The problem » Set down precisely the lines from the line with "Keeping up with" through the end of the material, inclusive, and no pictures.

Material for this exercise section start

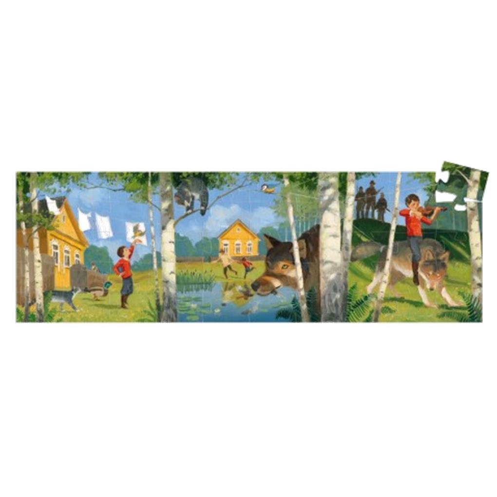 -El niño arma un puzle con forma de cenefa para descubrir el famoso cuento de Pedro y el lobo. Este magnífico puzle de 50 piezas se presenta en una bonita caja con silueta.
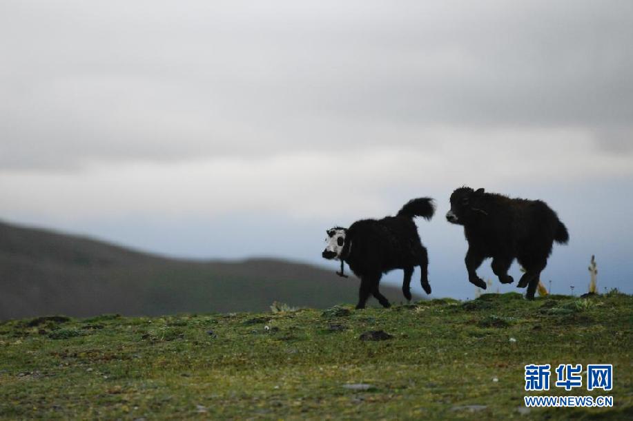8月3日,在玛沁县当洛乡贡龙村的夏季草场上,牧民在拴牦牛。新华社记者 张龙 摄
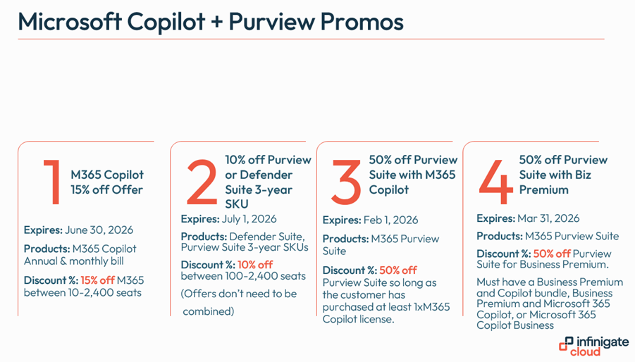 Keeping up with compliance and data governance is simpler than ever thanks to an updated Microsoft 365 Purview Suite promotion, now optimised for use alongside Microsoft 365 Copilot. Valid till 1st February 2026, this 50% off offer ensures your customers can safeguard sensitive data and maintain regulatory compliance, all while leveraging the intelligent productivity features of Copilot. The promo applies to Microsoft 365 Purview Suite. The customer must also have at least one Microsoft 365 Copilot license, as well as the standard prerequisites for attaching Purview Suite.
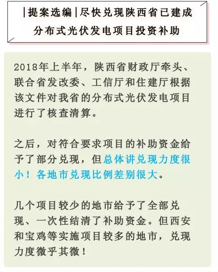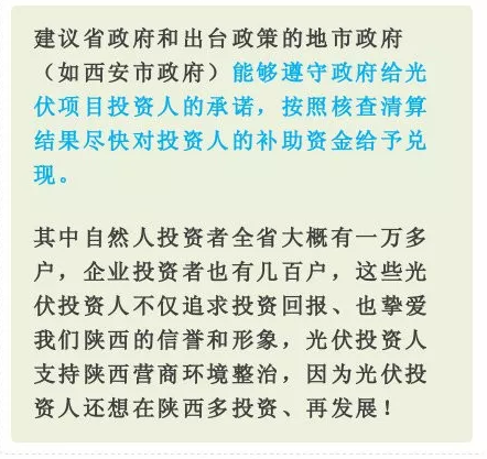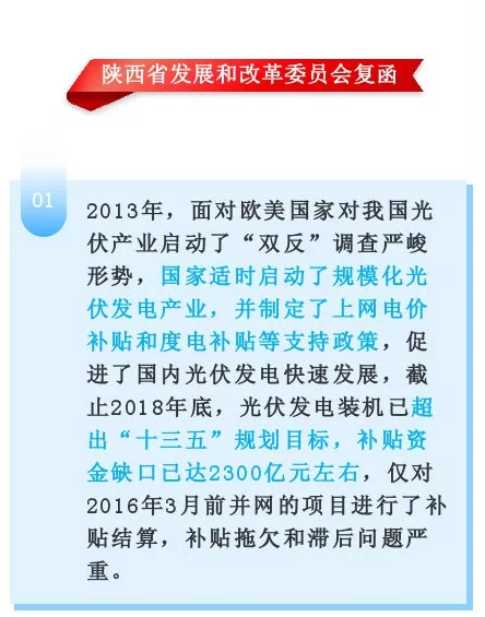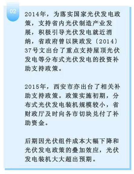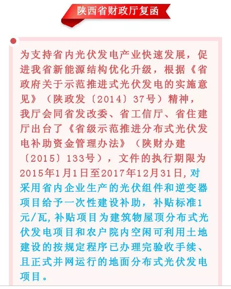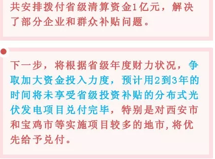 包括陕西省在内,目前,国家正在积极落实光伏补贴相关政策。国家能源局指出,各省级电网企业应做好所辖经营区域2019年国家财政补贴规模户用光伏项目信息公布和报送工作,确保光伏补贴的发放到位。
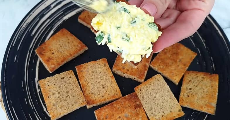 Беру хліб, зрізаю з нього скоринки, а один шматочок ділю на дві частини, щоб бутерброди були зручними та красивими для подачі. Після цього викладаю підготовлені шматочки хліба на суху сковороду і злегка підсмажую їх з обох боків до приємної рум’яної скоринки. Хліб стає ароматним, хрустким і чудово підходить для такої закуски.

Material for this exercise section end

Answer area »
 Keeping up with compliance and data governance is simpler than ever thanks to an updated Microsoft 365 Purview Suite promotion, now optimised for use alongside Microsoft 365 Copilot. Valid till 1st February 2026, this 50% off offer ensures your customers can safeguard sensitive data and maintain regulatory compliance, all while leveraging the intelligent productivity features of Copilot. The promo applies to Microsoft 365 Purview Suite. The customer must also have at least one Microsoft 365 Copilot license, as well as the standard prerequisites for attaching Purview Suite.
 包括陕西省在内,目前,国家正在积极落实光伏补贴相关政策。国家能源局指出,各省级电网企业应做好所辖经营区域2019年国家财政补贴规模户用光伏项目信息公布和报送工作,确保光伏补贴的发放到位。
 Беру хліб, зрізаю з нього скоринки, а один шматочок ділю на дві частини, щоб бутерброди були зручними та красивими для подачі. Після цього викладаю підготовлені шматочки хліба на суху сковороду і злегка підсмажую їх з обох боків до приємної рум’яної скоринки. Хліб стає ароматним, хрустким і чудово підходить для такої закуски.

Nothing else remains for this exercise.